Dataset entries
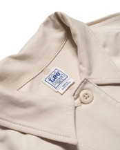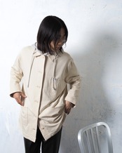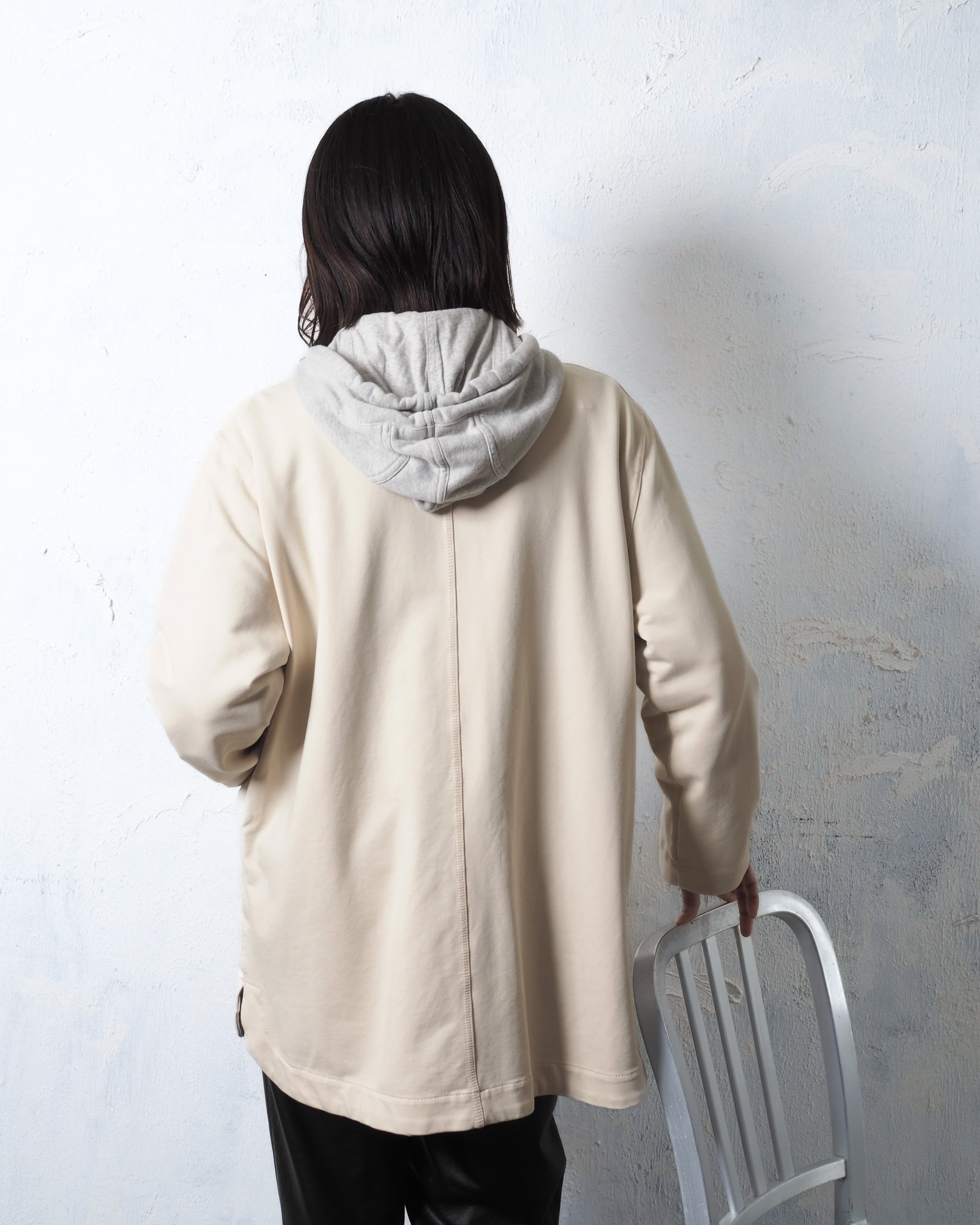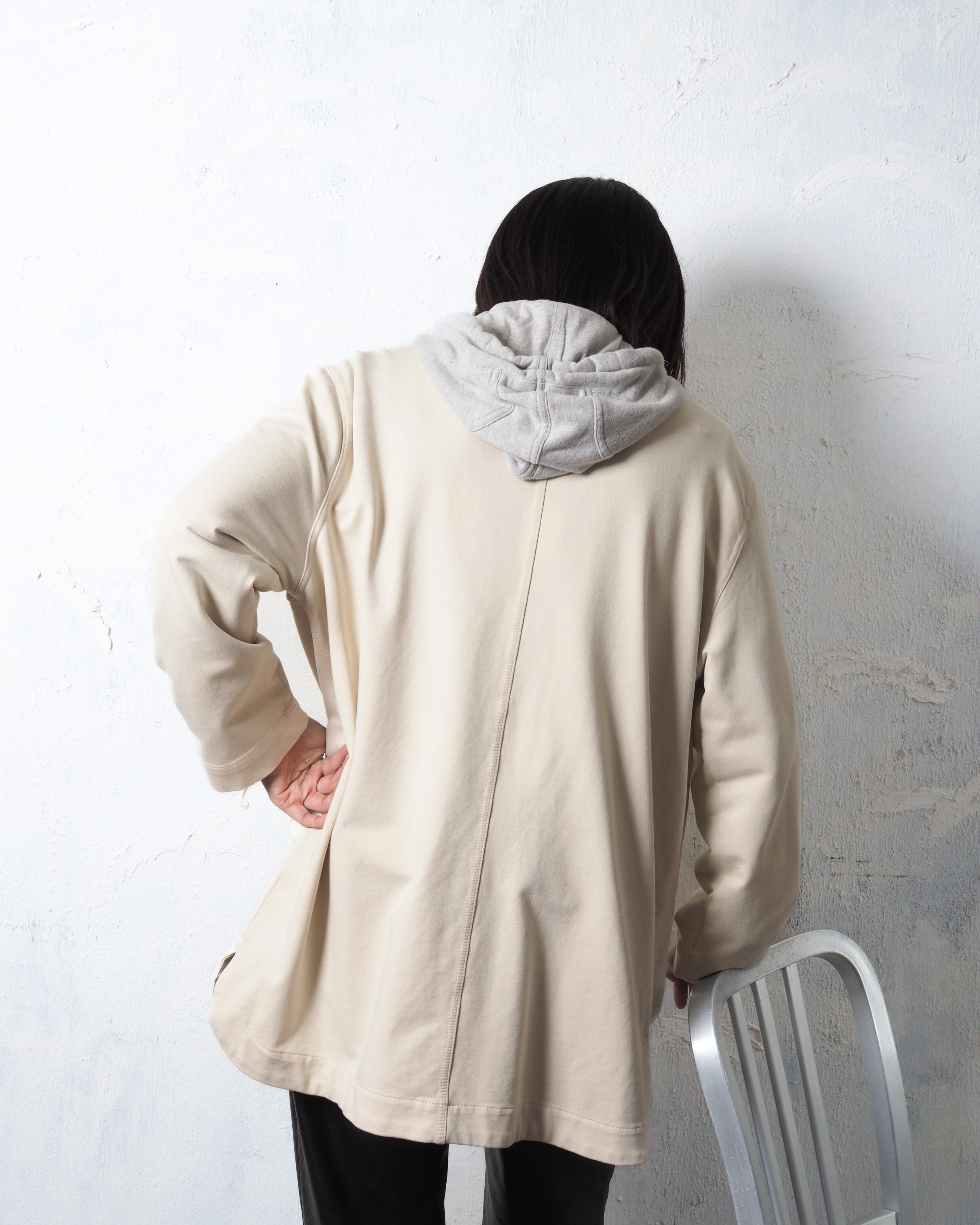 異素材カバーオール、アイボリーのカラーリングで、エラスタンミックスの独特な伸縮性のある素材感
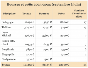 De septembre 2023 à juin 2024, la Fondation a soutenu dix-sept étudiants en pédagogie Waldorf, treize étudiants en théâtre, neuf étudiants au Foyer Michaël, sept en arts plastiques et chant, six en eurythmie, deux en biographie et un en biodynamie. Ce furent en tout cinquante-quatre étudiants, une personne ayant opté pour deux formations.
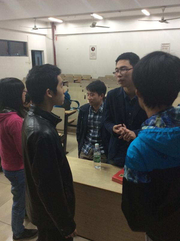 首先,邱中华老师一段简单开场白之后向大家详细介绍了数学建模的相关基本内容及要求,包括数模的基本概念、发展历程及竞赛形式和内容。此外,他还借助具体的题目就建模流程、题意和方向的理解及其他细节性的注意事项进行细致阐述。在交流过程中,他也对数模参与者提出一定的要求:“参与者需有一定的知识储备,要注意节奏、提高效率、突出亮点、端正态度,一定的写作技巧及经验是必备的。”随后,四位数模竞赛获奖者结合自己的参赛经历依次从不同角度与在场同学进行经验分享、交流。常路讯同学强调了组队、赛程时间安排两个方面,她还提到赛前应如何模拟训练的具体事项;朱派同学着重实用性,向大家推荐部分数模参考书目和常用软件,并详细介绍数模四类常见问题——最优化、评估、预测及设计算法和基本思路,有很强的专业性和指导性;冯翰洋同学指出如何有效、合理安排赛程,而姜松同学则强调了心态的重要性,并就校赛前期准备阶段提出忠告。嘉宾们幽默诙谐的话语使得现场气氛轻松积极,大家不时记录笔记,或踊跃提出自己的问题及看法,或是鼓掌表示赞同。
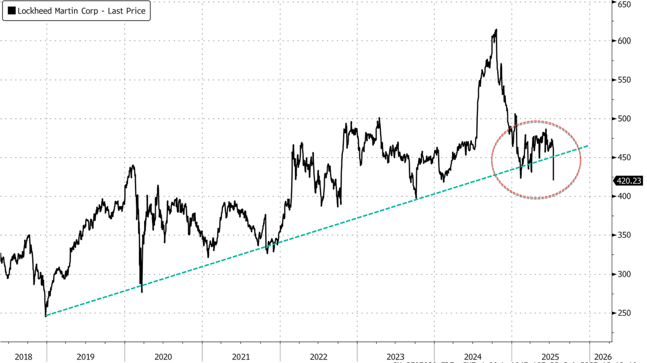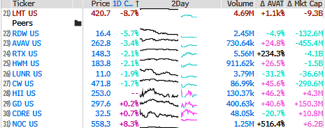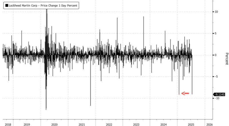 Lockheed reported a major miss, with operating profit plunging 65% to $748 million (vs. an estimated $2.15 billion) and revenue falling short at $18.16 billion. Shares slumped 9% by midday - the since the start of the year.
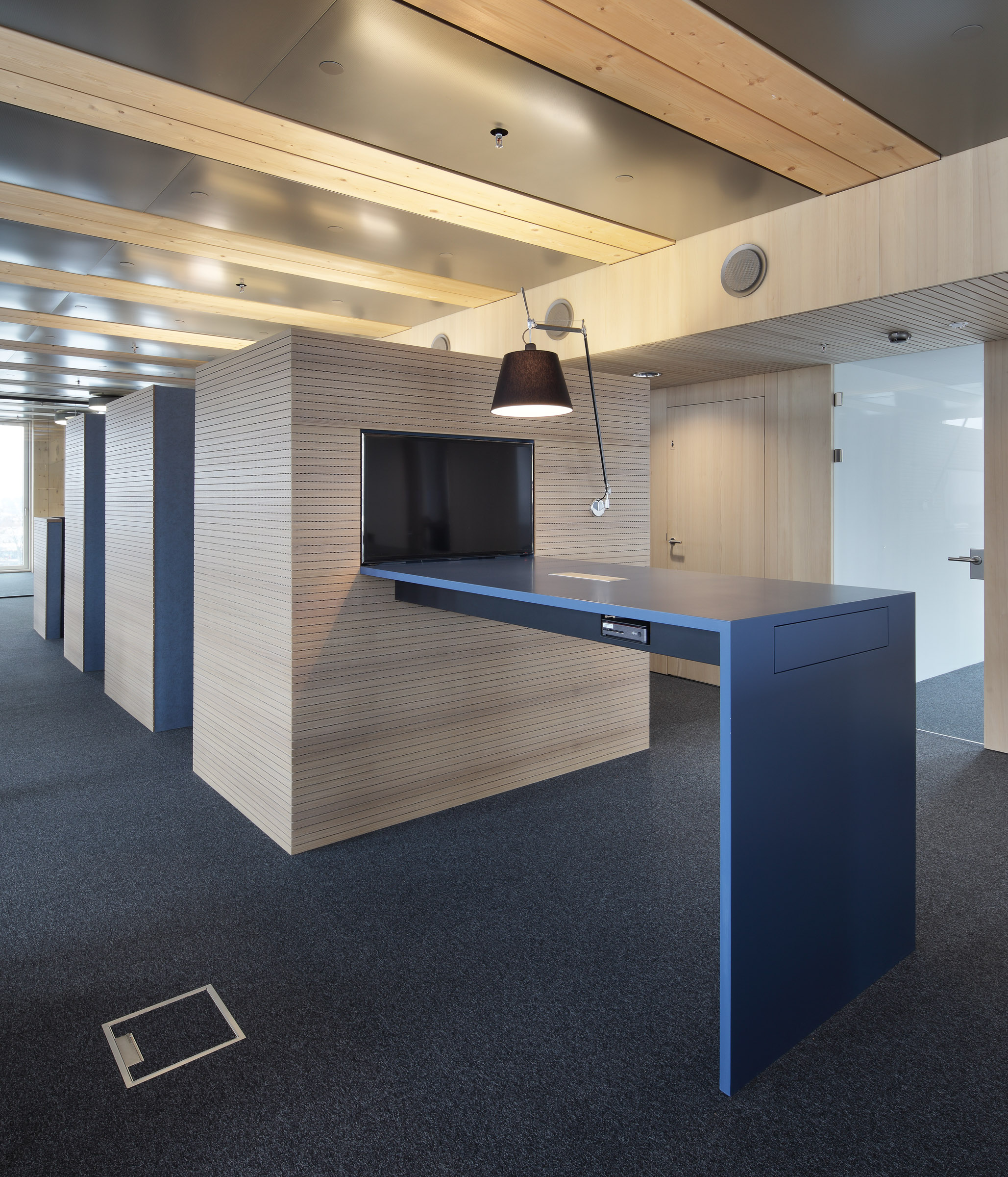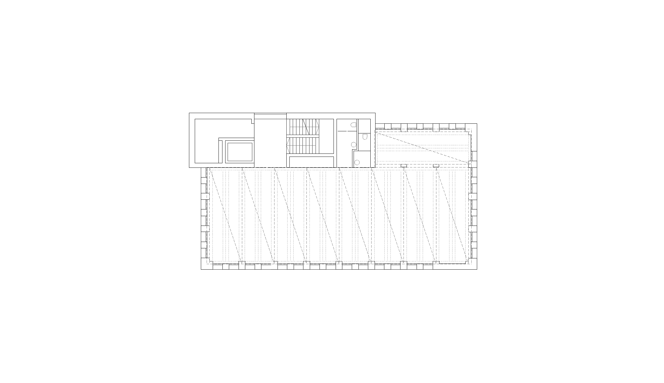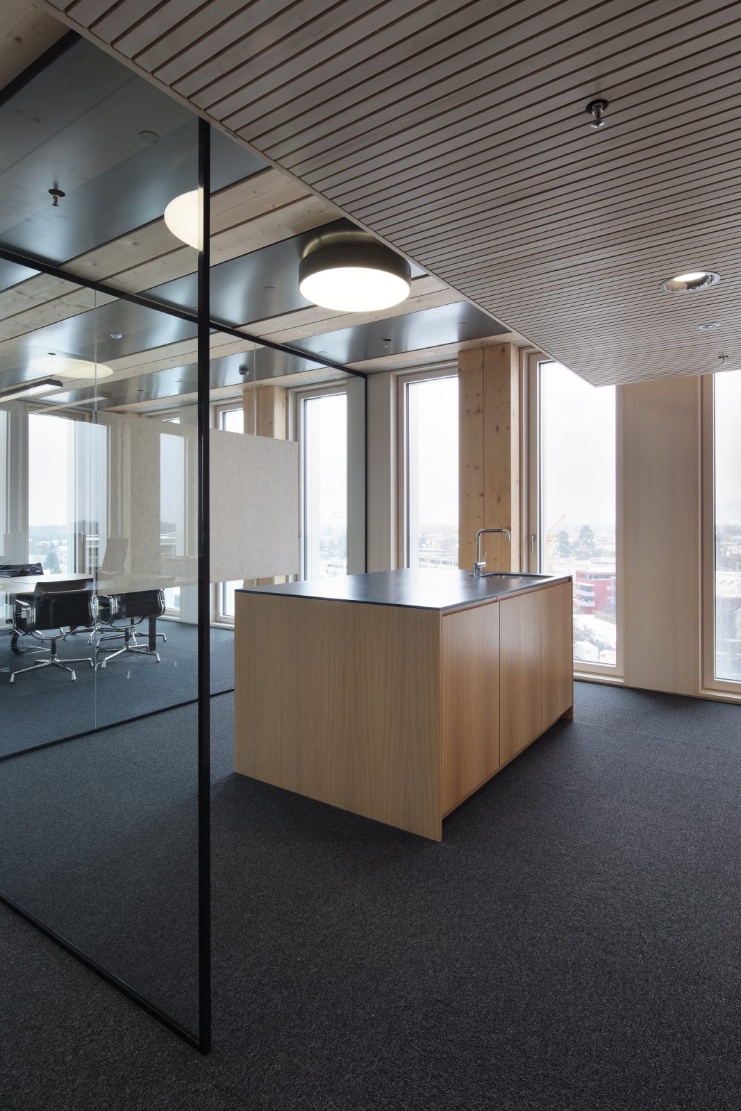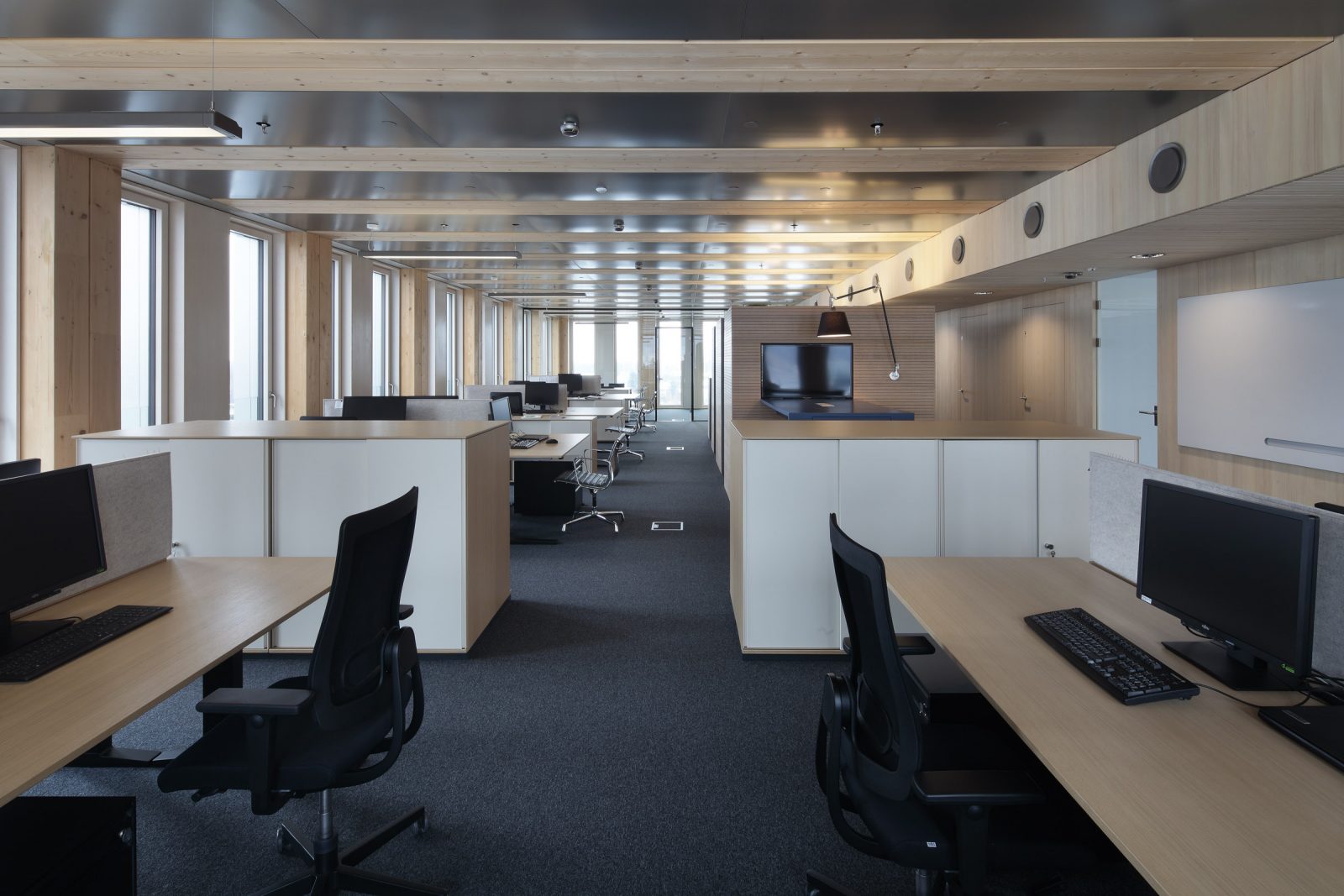 The building consists of a reinforced staircase core, bordering on one-side to the office space. Contrary to the original proposal to build the staircase core in wood, statutory provisions of fire prevention meant that the staircase had to be made in concrete.
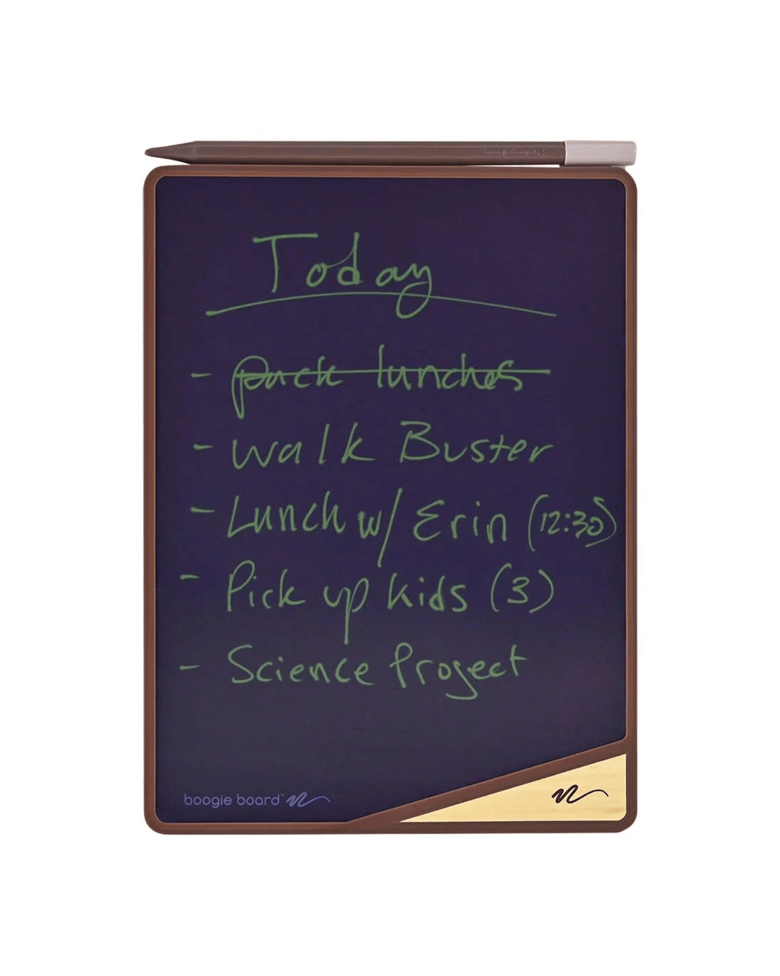 The Boogie Board VersaBoard is perfect for sketching or taking notes on the go. It has a pressure-sensitive LCD screen that provides a natural sense like writing on paper. You can erase it by tapping the corner with the magnetic stylus to easily start over. An integrated magnet on the tablet makes it easy to stick to a fridge

** ASSIGNMENT **
Reproduce exactly the lines of the data above that run from the line with "De septembre 2023" down to the line with "首先,邱中华老师一段简单开场", both ends included. Pictures do not belong in the copy.

** TASK OUTPUT **
 De septembre 2023 à juin 2024, la Fondation a soutenu dix-sept étudiants en pédagogie Waldorf, treize étudiants en théâtre, neuf étudiants au Foyer Michaël, sept en arts plastiques et chant, six en eurythmie, deux en biographie et un en biodynamie. Ce furent en tout cinquante-quatre étudiants, une personne ayant opté pour deux formations.
 首先,邱中华老师一段简单开场白之后向大家详细介绍了数学建模的相关基本内容及要求,包括数模的基本概念、发展历程及竞赛形式和内容。此外,他还借助具体的题目就建模流程、题意和方向的理解及其他细节性的注意事项进行细致阐述。在交流过程中,他也对数模参与者提出一定的要求:“参与者需有一定的知识储备,要注意节奏、提高效率、突出亮点、端正态度,一定的写作技巧及经验是必备的。”随后,四位数模竞赛获奖者结合自己的参赛经历依次从不同角度与在场同学进行经验分享、交流。常路讯同学强调了组队、赛程时间安排两个方面,她还提到赛前应如何模拟训练的具体事项;朱派同学着重实用性,向大家推荐部分数模参考书目和常用软件,并详细介绍数模四类常见问题——最优化、评估、预测及设计算法和基本思路,有很强的专业性和指导性;冯翰洋同学指出如何有效、合理安排赛程,而姜松同学则强调了心态的重要性,并就校赛前期准备阶段提出忠告。嘉宾们幽默诙谐的话语使得现场气氛轻松积极,大家不时记录笔记,或踊跃提出自己的问题及看法,或是鼓掌表示赞同。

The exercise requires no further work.